* **TASK OBJECTIVE**:
From the line with "2025年11月4日,民众在" through the line with "Based on the", repeat the entries verbatim, both end lines included, and add nothing.

*** Opening of MATERIALS PROVIDED ***

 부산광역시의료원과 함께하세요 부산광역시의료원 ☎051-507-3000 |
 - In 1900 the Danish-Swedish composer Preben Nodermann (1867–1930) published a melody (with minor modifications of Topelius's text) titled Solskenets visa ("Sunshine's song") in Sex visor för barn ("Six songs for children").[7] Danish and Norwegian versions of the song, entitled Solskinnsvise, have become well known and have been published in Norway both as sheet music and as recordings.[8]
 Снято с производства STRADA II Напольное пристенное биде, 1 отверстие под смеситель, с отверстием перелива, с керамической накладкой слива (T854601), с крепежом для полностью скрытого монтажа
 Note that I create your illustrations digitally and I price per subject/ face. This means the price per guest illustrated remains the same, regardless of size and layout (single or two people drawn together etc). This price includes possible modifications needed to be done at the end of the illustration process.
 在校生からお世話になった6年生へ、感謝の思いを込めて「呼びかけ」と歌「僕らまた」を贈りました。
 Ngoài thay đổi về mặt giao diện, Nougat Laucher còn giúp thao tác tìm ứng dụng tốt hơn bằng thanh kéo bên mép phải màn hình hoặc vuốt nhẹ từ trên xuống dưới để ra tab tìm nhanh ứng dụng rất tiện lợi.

*** Close of MATERIALS PROVIDED ***
*** Opening of MATERIALS PROVIDED ***

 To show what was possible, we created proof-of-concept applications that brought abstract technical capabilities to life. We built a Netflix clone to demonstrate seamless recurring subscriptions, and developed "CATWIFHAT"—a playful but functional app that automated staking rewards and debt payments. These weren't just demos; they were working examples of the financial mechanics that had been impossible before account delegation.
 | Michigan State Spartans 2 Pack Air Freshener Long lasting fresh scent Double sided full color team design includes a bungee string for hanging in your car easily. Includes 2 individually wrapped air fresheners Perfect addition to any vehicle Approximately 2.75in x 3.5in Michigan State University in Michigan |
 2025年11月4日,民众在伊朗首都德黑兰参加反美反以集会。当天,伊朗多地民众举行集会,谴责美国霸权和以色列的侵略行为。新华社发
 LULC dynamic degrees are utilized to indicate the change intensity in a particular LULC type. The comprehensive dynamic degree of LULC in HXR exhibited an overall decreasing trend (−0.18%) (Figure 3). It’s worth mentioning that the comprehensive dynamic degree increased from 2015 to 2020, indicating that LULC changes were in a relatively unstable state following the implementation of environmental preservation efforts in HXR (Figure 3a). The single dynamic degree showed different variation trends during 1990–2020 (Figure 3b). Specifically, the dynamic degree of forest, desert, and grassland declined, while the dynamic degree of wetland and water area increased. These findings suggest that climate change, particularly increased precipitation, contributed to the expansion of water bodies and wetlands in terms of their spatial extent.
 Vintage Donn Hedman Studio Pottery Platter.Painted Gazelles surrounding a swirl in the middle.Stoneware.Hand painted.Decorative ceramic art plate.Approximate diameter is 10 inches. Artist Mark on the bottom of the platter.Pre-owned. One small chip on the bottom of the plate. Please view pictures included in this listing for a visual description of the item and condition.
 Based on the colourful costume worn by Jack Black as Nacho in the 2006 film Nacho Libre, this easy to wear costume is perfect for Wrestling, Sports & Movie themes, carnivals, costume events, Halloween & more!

*** Close of MATERIALS PROVIDED ***

* **EXERCISE SOLUTION**:
 2025年11月4日,民众在伊朗首都德黑兰参加反美反以集会。当天,伊朗多地民众举行集会,谴责美国霸权和以色列的侵略行为。新华社发
 LULC dynamic degrees are utilized to indicate the change intensity in a particular LULC type. The comprehensive dynamic degree of LULC in HXR exhibited an overall decreasing trend (−0.18%) (Figure 3). It’s worth mentioning that the comprehensive dynamic degree increased from 2015 to 2020, indicating that LULC changes were in a relatively unstable state following the implementation of environmental preservation efforts in HXR (Figure 3a). The single dynamic degree showed different variation trends during 1990–2020 (Figure 3b). Specifically, the dynamic degree of forest, desert, and grassland declined, while the dynamic degree of wetland and water area increased. These findings suggest that climate change, particularly increased precipitation, contributed to the expansion of water bodies and wetlands in terms of their spatial extent.
 Vintage Donn Hedman Studio Pottery Platter.Painted Gazelles surrounding a swirl in the middle.Stoneware.Hand painted.Decorative ceramic art plate.Approximate diameter is 10 inches. Artist Mark on the bottom of the platter.Pre-owned. One small chip on the bottom of the plate. Please view pictures included in this listing for a visual description of the item and condition.
 Based on the colourful costume worn by Jack Black as Nacho in the 2006 film Nacho Libre, this easy to wear costume is perfect for Wrestling, Sports & Movie themes, carnivals, costume events, Halloween & more!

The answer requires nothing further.